In the records below, find every line that contains "will" and list it.

> _Data for processing_:
= = = = = = =
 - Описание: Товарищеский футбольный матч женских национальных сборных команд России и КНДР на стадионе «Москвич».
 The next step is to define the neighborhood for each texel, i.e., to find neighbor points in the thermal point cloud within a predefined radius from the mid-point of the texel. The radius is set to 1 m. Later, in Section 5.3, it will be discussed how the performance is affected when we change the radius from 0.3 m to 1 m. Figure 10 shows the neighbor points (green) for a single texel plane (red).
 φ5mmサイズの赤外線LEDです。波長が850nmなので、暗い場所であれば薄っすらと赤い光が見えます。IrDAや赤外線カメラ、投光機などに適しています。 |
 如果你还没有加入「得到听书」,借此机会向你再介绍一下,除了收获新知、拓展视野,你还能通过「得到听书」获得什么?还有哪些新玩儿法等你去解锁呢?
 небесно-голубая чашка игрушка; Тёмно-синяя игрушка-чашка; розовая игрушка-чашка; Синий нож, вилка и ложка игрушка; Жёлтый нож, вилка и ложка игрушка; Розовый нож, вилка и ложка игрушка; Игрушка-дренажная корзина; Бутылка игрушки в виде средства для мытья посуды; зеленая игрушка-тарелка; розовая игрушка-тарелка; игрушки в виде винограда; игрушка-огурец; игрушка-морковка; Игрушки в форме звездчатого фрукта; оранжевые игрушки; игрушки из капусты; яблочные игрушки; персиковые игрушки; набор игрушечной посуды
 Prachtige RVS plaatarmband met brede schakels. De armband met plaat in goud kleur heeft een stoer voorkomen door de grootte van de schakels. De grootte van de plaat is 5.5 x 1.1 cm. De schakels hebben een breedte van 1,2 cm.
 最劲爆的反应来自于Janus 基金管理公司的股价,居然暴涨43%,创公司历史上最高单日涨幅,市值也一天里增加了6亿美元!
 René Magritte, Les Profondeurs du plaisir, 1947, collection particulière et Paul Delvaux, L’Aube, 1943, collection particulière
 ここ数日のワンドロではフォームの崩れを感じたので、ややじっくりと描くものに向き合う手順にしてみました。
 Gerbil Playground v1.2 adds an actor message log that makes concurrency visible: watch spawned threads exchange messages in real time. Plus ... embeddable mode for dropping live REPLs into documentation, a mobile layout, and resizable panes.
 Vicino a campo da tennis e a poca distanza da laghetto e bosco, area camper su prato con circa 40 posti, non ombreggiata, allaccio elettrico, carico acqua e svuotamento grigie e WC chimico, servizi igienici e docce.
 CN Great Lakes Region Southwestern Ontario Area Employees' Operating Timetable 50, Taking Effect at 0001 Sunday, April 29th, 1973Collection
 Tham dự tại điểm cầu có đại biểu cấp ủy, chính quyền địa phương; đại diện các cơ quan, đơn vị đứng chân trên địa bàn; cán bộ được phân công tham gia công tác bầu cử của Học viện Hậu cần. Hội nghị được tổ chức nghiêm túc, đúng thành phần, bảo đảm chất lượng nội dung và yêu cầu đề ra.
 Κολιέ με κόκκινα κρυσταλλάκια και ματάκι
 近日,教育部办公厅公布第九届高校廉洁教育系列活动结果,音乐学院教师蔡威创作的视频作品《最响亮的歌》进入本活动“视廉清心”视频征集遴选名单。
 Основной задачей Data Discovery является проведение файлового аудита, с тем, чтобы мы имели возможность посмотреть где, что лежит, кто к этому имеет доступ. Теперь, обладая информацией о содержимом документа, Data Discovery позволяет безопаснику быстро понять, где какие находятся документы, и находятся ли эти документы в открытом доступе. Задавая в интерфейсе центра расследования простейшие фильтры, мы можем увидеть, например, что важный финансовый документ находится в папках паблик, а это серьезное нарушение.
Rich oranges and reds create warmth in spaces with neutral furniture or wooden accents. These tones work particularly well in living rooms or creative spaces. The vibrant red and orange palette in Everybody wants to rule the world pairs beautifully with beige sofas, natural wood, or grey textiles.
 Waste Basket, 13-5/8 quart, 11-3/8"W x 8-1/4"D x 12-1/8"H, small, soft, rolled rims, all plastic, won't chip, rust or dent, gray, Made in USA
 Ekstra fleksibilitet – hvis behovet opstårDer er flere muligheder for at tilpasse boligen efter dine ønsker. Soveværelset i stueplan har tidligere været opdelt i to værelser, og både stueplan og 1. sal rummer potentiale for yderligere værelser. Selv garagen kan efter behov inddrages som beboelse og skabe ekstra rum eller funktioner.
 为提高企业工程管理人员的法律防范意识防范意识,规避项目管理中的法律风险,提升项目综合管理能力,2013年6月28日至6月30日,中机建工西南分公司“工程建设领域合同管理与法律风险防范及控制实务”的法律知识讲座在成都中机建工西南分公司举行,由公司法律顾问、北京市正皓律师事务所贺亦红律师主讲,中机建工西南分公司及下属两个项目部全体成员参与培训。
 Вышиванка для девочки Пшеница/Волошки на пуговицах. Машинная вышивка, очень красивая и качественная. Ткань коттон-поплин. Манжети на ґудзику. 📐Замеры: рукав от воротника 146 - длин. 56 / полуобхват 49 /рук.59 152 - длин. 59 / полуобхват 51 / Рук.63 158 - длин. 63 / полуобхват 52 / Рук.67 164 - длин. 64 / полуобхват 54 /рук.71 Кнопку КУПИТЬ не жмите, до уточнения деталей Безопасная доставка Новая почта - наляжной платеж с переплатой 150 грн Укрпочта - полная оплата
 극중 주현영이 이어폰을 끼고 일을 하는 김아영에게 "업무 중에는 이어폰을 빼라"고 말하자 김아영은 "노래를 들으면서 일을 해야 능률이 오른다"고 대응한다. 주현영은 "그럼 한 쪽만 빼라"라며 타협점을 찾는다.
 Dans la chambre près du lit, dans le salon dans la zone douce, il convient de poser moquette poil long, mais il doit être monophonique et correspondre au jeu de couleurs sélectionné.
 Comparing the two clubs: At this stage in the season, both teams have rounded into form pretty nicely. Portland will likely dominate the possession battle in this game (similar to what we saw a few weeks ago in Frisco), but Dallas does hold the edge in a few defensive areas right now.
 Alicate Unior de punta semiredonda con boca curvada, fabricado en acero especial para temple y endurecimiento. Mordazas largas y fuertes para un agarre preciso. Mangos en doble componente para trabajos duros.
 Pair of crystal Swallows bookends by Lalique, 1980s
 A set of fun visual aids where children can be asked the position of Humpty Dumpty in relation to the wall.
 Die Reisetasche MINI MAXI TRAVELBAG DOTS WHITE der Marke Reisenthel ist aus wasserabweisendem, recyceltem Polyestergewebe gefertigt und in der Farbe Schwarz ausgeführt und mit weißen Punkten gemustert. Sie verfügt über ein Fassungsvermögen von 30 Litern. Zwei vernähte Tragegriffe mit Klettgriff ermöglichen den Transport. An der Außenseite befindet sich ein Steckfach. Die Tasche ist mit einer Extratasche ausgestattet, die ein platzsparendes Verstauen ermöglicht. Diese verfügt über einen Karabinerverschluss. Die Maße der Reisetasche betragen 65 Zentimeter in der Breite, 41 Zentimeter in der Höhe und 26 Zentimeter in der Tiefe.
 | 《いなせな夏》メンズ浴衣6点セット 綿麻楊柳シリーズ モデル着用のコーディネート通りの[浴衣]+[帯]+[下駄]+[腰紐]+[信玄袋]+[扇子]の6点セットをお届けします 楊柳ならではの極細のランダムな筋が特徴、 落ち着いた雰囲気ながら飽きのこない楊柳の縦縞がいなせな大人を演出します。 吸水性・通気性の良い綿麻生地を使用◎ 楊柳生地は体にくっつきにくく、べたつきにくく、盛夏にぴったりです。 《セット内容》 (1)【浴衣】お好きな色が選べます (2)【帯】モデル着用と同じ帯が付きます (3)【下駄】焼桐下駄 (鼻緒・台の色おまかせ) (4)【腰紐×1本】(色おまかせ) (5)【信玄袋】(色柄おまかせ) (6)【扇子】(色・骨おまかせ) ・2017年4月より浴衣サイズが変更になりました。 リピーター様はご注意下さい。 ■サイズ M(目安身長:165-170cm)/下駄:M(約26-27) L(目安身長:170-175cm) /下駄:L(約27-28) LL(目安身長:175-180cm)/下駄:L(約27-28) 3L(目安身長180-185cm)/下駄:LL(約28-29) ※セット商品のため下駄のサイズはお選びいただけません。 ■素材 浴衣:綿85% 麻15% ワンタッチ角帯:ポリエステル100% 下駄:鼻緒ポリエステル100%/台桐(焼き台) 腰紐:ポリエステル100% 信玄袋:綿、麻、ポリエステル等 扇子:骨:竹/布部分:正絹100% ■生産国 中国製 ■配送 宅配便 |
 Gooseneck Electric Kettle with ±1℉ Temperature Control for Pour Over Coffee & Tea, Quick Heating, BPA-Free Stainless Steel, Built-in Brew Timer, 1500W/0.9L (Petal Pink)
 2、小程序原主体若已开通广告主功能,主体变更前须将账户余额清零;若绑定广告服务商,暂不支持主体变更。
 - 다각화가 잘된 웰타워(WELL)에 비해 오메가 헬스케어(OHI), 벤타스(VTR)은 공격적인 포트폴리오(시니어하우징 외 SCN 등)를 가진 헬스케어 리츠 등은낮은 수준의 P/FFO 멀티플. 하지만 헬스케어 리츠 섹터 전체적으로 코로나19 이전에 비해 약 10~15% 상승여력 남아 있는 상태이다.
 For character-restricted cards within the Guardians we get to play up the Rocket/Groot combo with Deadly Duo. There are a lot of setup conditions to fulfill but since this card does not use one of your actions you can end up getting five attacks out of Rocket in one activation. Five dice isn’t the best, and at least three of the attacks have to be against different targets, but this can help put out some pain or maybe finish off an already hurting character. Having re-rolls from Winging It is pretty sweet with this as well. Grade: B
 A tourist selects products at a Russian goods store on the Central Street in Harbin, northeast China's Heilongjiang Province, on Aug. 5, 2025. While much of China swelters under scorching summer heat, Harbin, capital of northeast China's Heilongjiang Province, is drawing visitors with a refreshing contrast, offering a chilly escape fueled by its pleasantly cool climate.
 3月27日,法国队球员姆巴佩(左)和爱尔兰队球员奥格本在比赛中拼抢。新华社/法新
= = = = = = =
> _Result_:
 The next step is to define the neighborhood for each texel, i.e., to find neighbor points in the thermal point cloud within a predefined radius from the mid-point of the texel. The radius is set to 1 m. Later, in Section 5.3, it will be discussed how the performance is affected when we change the radius from 0.3 m to 1 m. Figure 10 shows the neighbor points (green) for a single texel plane (red).
 Comparing the two clubs: At this stage in the season, both teams have rounded into form pretty nicely. Portland will likely dominate the possession battle in this game (similar to what we saw a few weeks ago in Frisco), but Dallas does hold the edge in a few defensive areas right now.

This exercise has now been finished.